Records to use below:

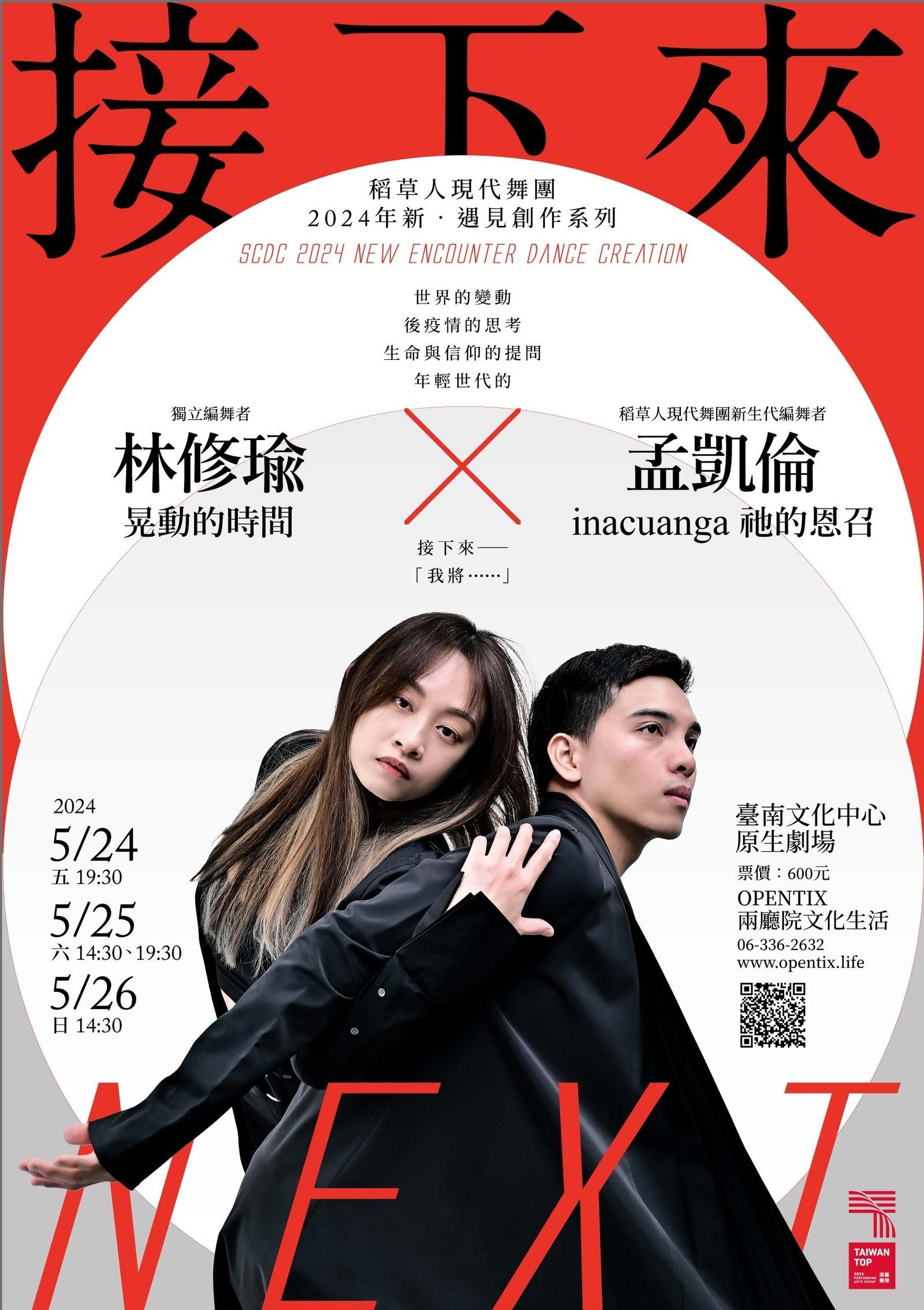 2024年的主題為《接下來──》,將由稻草人舞團的核心舞者孟凱倫和獨立編舞者林修瑜聯手呈現。自2019年加入稻草人舞團的孟凱倫,將與林修瑜以雙舞作的形式,分上下半場發表各自的獨特創作風格與理念。這兩位年輕的編舞者都從人們熟悉的日常生活中汲取靈感,透過對自我生命時間的省思和對信仰的探究,呈現出各自世代所關注的創作議題與內涵。
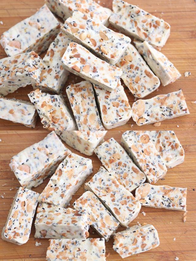 牛轧糖的做法其实非常简单,即使是厨房小白也可以轻松完成的,今天就来跟我一起做花生黑芝麻牛轧糖吧!
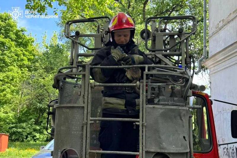 Кроме того, в городе Нежин котик залез на высокое дерево и несколько суток не мог спуститься. Бойцы ГСЧС спасли и этого пушистика.
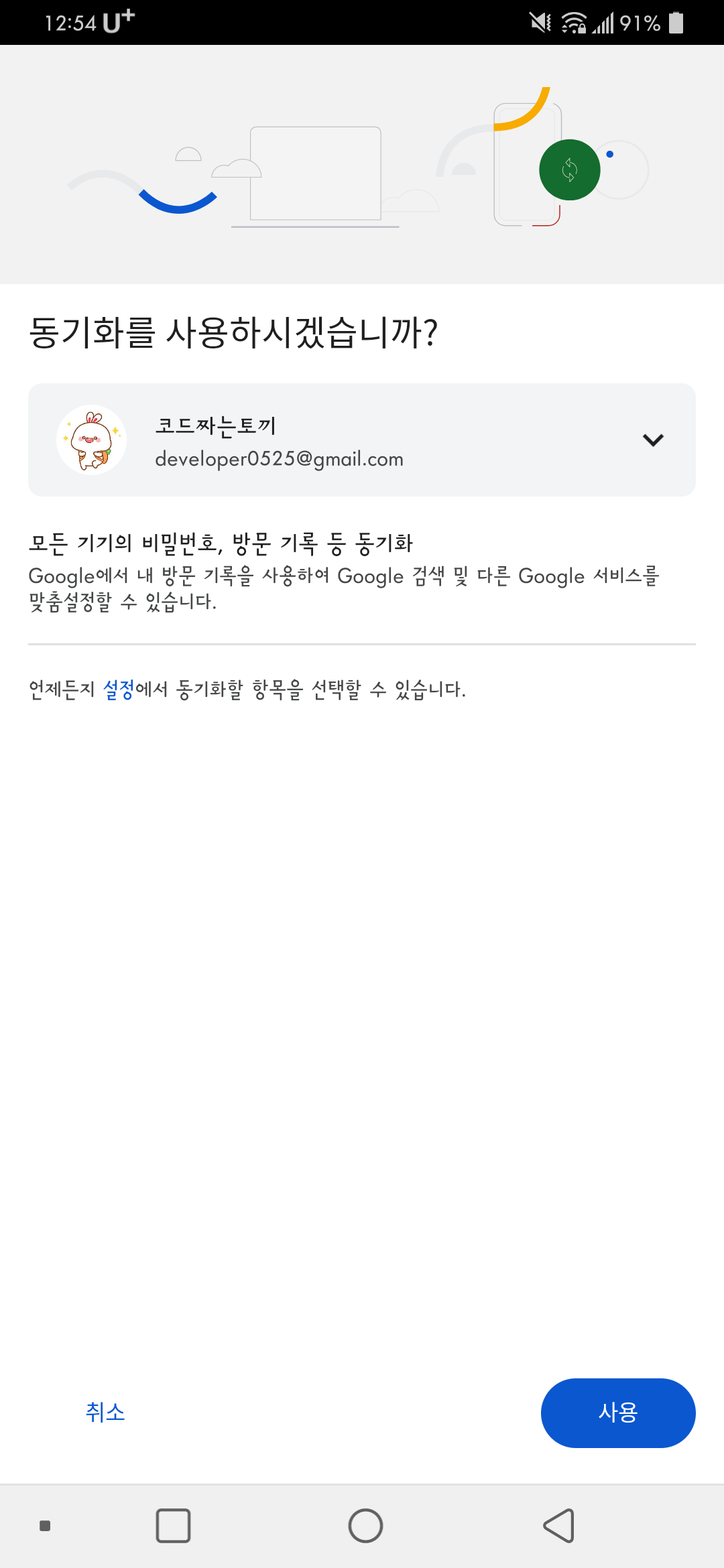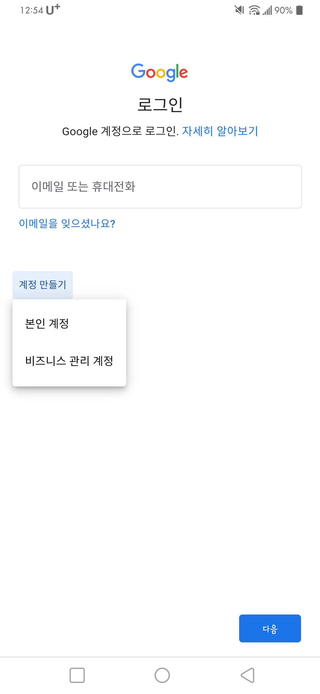 컴퓨터에서 했던 방식과 똑같이 수행합시다. 일단 [계정 만들기] 버튼을 클릭합시다.
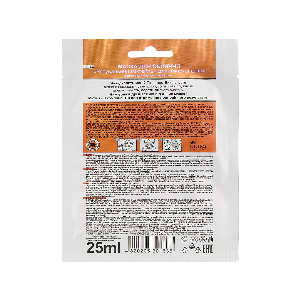 Спосіб застосування: очистіть шкіру обличчя, нанесіть маску на 10-15 хвилин, після чого зніміть її і вмасажуйте залишки емульсії в шкіру. Не змивайте.
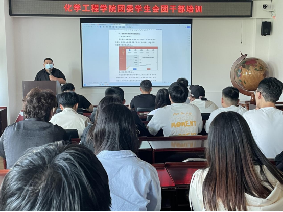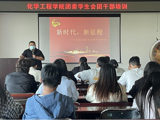 化学工程学院团委书记王博老师为全体团干部进行培训,以“新时代 新征程”为主题,从青年工作的新时代、新思想、新任务进行分析讲解,阐述了新青年应树立和培育社会主义核心价值观,要在勤学、修德、明辨、笃实上下功夫。最后王博老师对全体学生干部提出期盼:勤勉用功、学思并进,丰富和完善自我,做到学以致用,创造新的青春业绩。
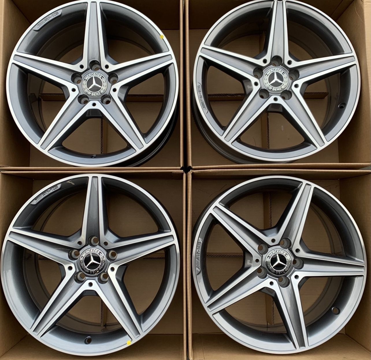 BRAND NEW GREG / SILVER 18” Mercedes Benz AMG Factory OEM Wheels Rims All (4) for only $950 vs Mercedes Benz Dealer MSRP $2,798 This is a new set (qty 4) Mercedes Benz AMG Factory OEM Wheels Rims w/ center caps Size: 18x8.5" square Bolt Pattern: 5x112mm Center Bore: 66.6mm Offset: ET 49mm Included: 4 rims and 4 center caps This wheel spec is compatible with the following years and models (Buyer to verify) E-CLASS 2010~2016 Models : E 250, E 300, E 350, E 400, E 500 * doesn't fit AMG packages with large brake calipers (E55, E63 etc)
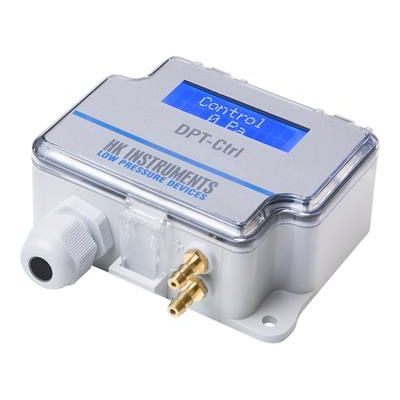 DPT-Ctrl is a multifunctional PID controller with differential pressure or air flow transmitter. DPT-Ctrl enables to control constant pressure or flow of fans, VAV systems or dampers. Its two lined display shows the direction of the control output and the measurement value at the same time. It is possible to select either current or voltage for both the control output and the differential pressure or flow output. The optional autozero function eliminates the need for periodic manual zero point calibration.
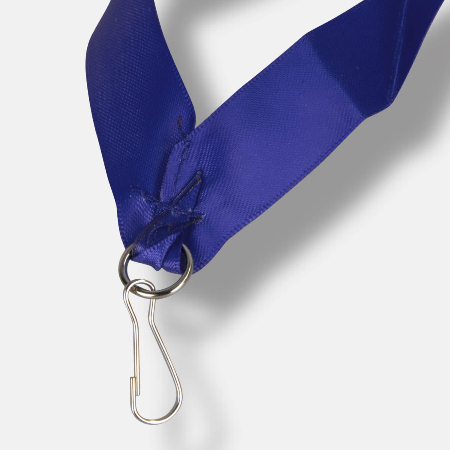 20mm wide ribbon lanyard with a metal ring, a clip and a breakaway safety clip. It can be printed in one colour on one side.
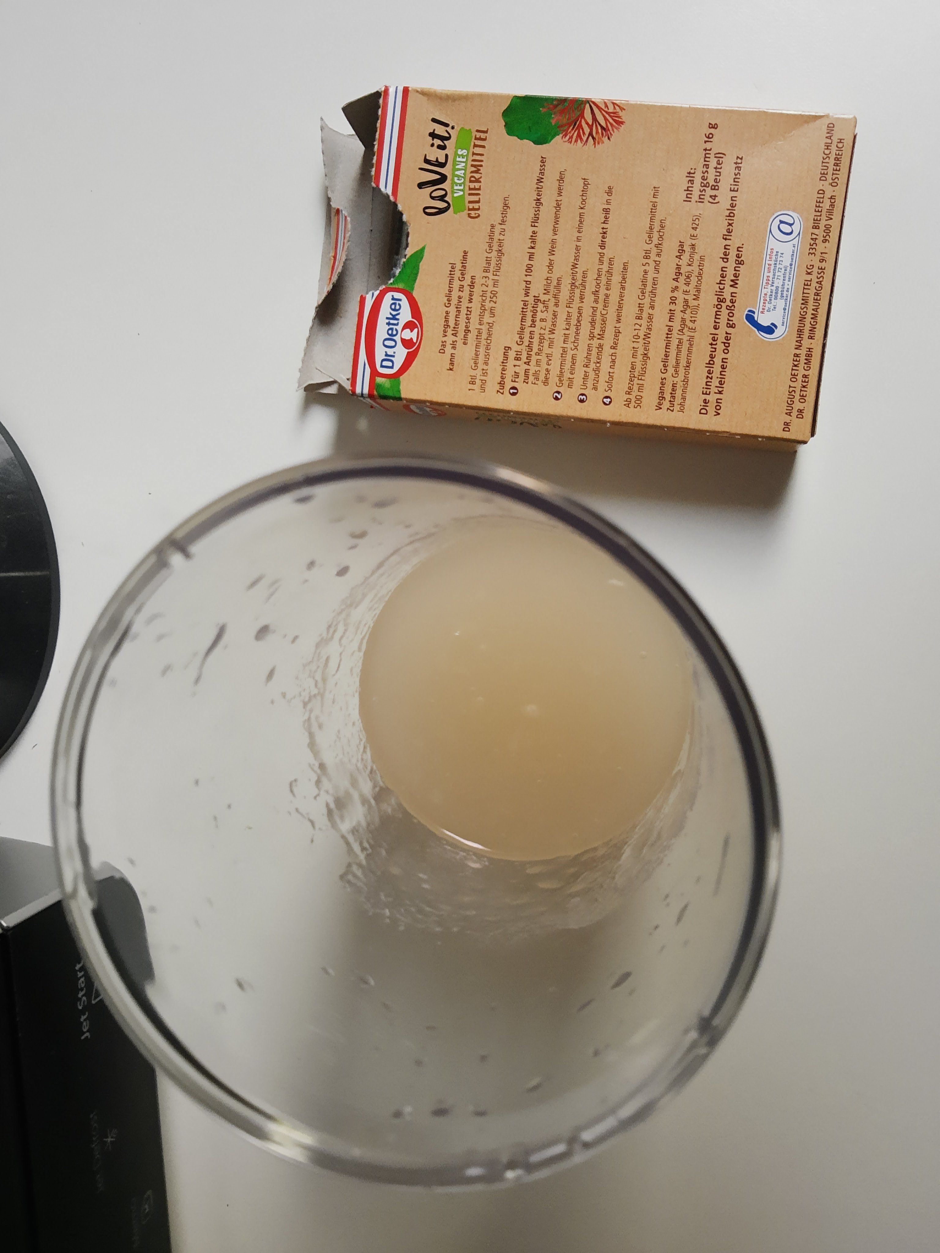 Das neue vegane Geliermittel von Dr. Oetker war auf jeden Fall mein Gamechanger! Ganz ohne Tierleid auf Basis der Agar-Agar Alge ist es unheimlich schnell und wirklich sehr leicht zubereitet und das Ergebnis kann sich sehen lassen! Eine hervorragende Textur und absolut kein Unterschied zu Gelatine im Resultat.
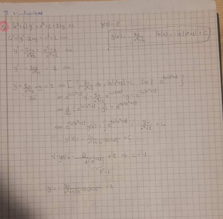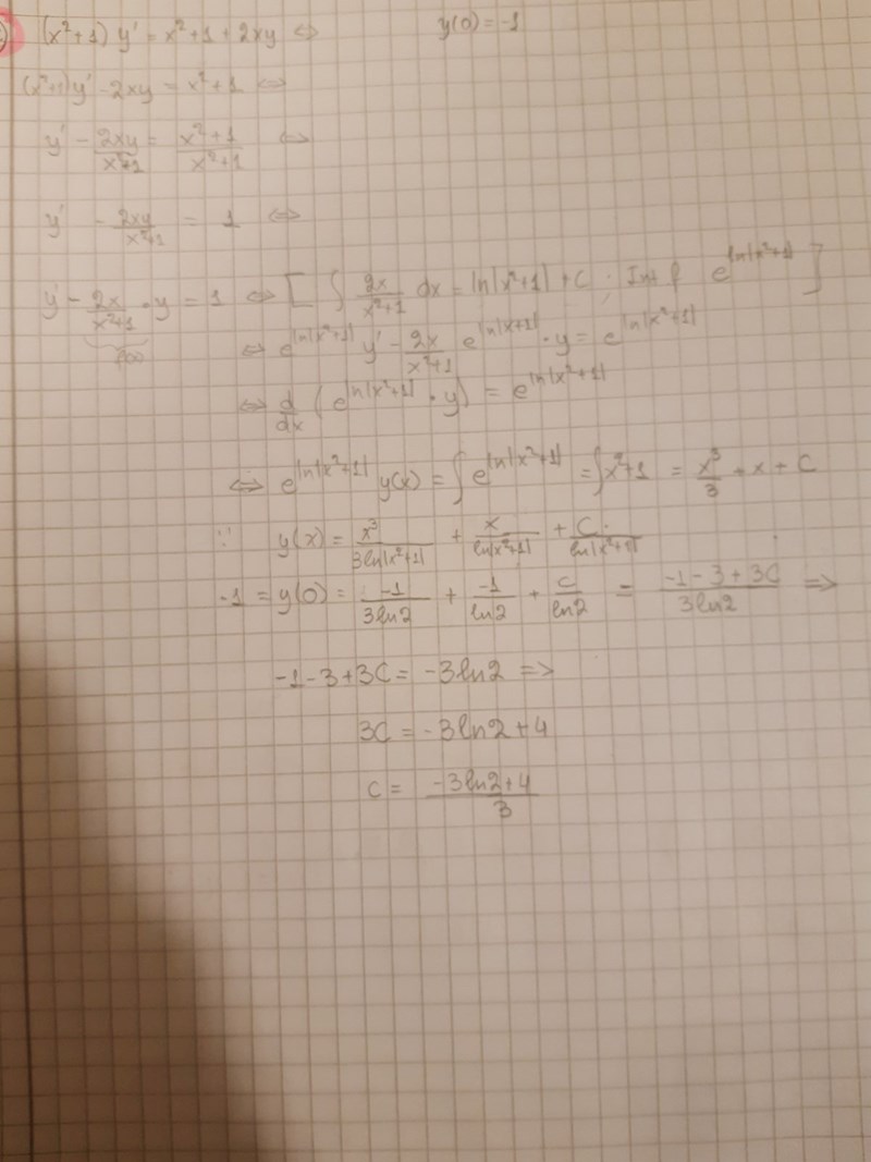 Kapi skrev:I facit står det y(x)=(x2+1)(-1+arctan) så du är ganska nära.
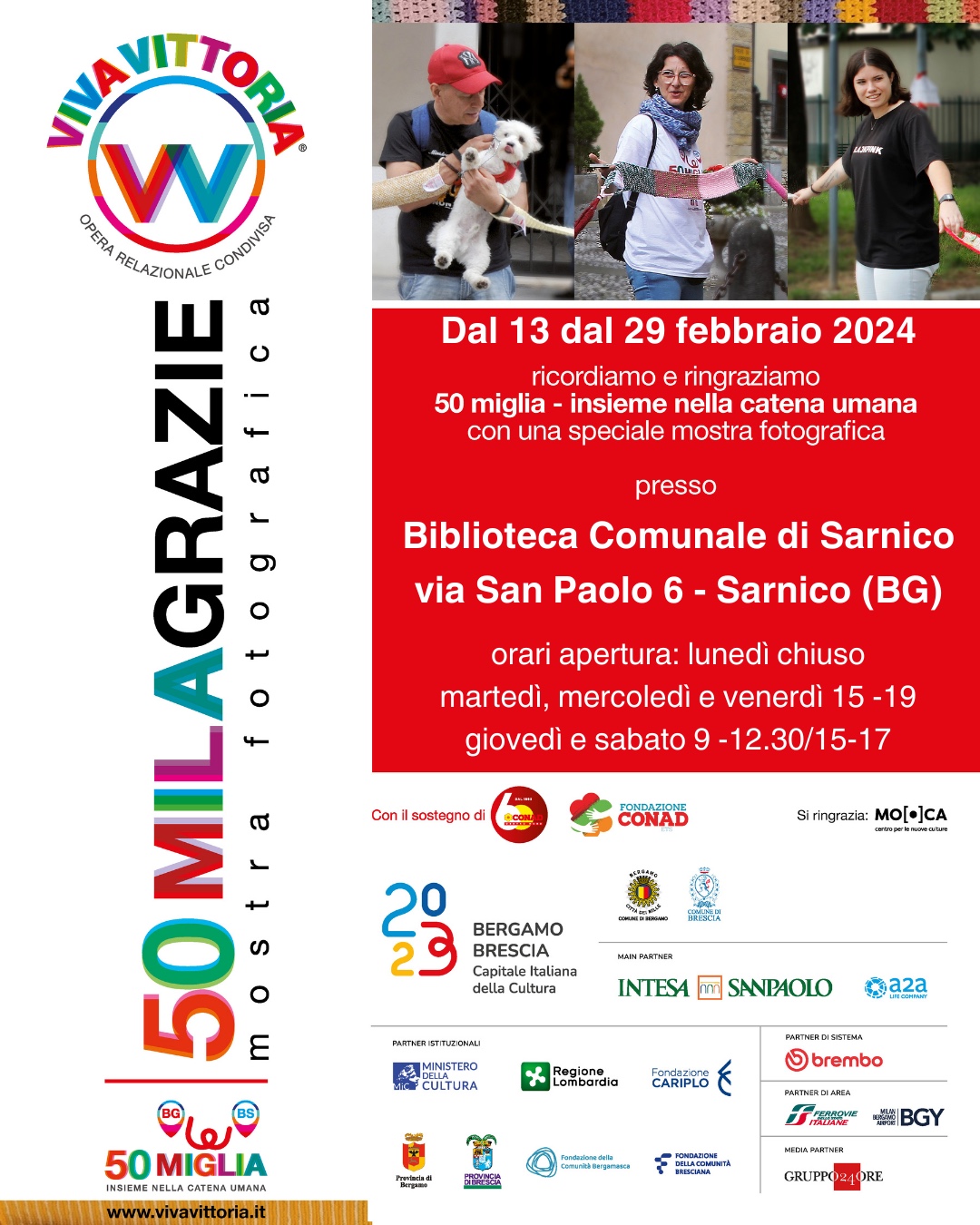 Da martedì 13 a giovedì 29 febbraio, presso la Biblioteca Comunale di Sarnico, si terrà la mostra fotografica "50 mila grazie", per ricordare e ringraziare tutti coloro che hanno reso possibile l'evento “Bergamo e Brescia - 50 miglia insieme nella catena umana”.

End of Records to use.

# How to complete this task:
The answer must be the full listing above, copied exactly, with no pictures in it.

# Reply to the task:
 2024年的主題為《接下來──》,將由稻草人舞團的核心舞者孟凱倫和獨立編舞者林修瑜聯手呈現。自2019年加入稻草人舞團的孟凱倫,將與林修瑜以雙舞作的形式,分上下半場發表各自的獨特創作風格與理念。這兩位年輕的編舞者都從人們熟悉的日常生活中汲取靈感,透過對自我生命時間的省思和對信仰的探究,呈現出各自世代所關注的創作議題與內涵。
 牛轧糖的做法其实非常简单,即使是厨房小白也可以轻松完成的,今天就来跟我一起做花生黑芝麻牛轧糖吧!
 Кроме того, в городе Нежин котик залез на высокое дерево и несколько суток не мог спуститься. Бойцы ГСЧС спасли и этого пушистика.
 컴퓨터에서 했던 방식과 똑같이 수행합시다. 일단 [계정 만들기] 버튼을 클릭합시다.
 Спосіб застосування: очистіть шкіру обличчя, нанесіть маску на 10-15 хвилин, після чого зніміть її і вмасажуйте залишки емульсії в шкіру. Не змивайте.
 化学工程学院团委书记王博老师为全体团干部进行培训,以“新时代 新征程”为主题,从青年工作的新时代、新思想、新任务进行分析讲解,阐述了新青年应树立和培育社会主义核心价值观,要在勤学、修德、明辨、笃实上下功夫。最后王博老师对全体学生干部提出期盼:勤勉用功、学思并进,丰富和完善自我,做到学以致用,创造新的青春业绩。
 BRAND NEW GREG / SILVER 18” Mercedes Benz AMG Factory OEM Wheels Rims All (4) for only $950 vs Mercedes Benz Dealer MSRP $2,798 This is a new set (qty 4) Mercedes Benz AMG Factory OEM Wheels Rims w/ center caps Size: 18x8.5" square Bolt Pattern: 5x112mm Center Bore: 66.6mm Offset: ET 49mm Included: 4 rims and 4 center caps This wheel spec is compatible with the following years and models (Buyer to verify) E-CLASS 2010~2016 Models : E 250, E 300, E 350, E 400, E 500 * doesn't fit AMG packages with large brake calipers (E55, E63 etc)
 DPT-Ctrl is a multifunctional PID controller with differential pressure or air flow transmitter. DPT-Ctrl enables to control constant pressure or flow of fans, VAV systems or dampers. Its two lined display shows the direction of the control output and the measurement value at the same time. It is possible to select either current or voltage for both the control output and the differential pressure or flow output. The optional autozero function eliminates the need for periodic manual zero point calibration.
 20mm wide ribbon lanyard with a metal ring, a clip and a breakaway safety clip. It can be printed in one colour on one side.
 Das neue vegane Geliermittel von Dr. Oetker war auf jeden Fall mein Gamechanger! Ganz ohne Tierleid auf Basis der Agar-Agar Alge ist es unheimlich schnell und wirklich sehr leicht zubereitet und das Ergebnis kann sich sehen lassen! Eine hervorragende Textur und absolut kein Unterschied zu Gelatine im Resultat.
 Kapi skrev:I facit står det y(x)=(x2+1)(-1+arctan) så du är ganska nära.
 Da martedì 13 a giovedì 29 febbraio, presso la Biblioteca Comunale di Sarnico, si terrà la mostra fotografica "50 mila grazie", per ricordare e ringraziare tutti coloro che hanno reso possibile l'evento “Bergamo e Brescia - 50 miglia insieme nella catena umana”.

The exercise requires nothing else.